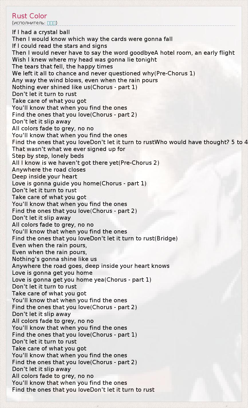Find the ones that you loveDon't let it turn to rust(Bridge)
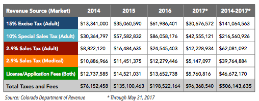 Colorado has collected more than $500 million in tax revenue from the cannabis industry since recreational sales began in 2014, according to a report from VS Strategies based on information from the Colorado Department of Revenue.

==============================

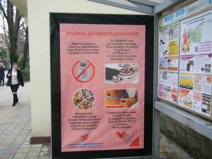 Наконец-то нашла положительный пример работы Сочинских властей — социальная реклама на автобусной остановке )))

==============================

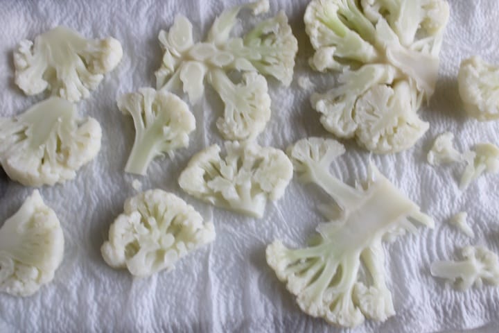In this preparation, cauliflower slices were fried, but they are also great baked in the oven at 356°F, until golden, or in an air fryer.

==============================

Work request - Both boundary lines included, write out word for word only the lines above from the one containing "Find the ones" to the one containing "Colorado has collected", leaving out any pictures.

Solution for this problem -
Find the ones that you loveDon't let it turn to rust(Bridge)
 Colorado has collected more than $500 million in tax revenue from the cannabis industry since recreational sales began in 2014, according to a report from VS Strategies based on information from the Colorado Department of Revenue.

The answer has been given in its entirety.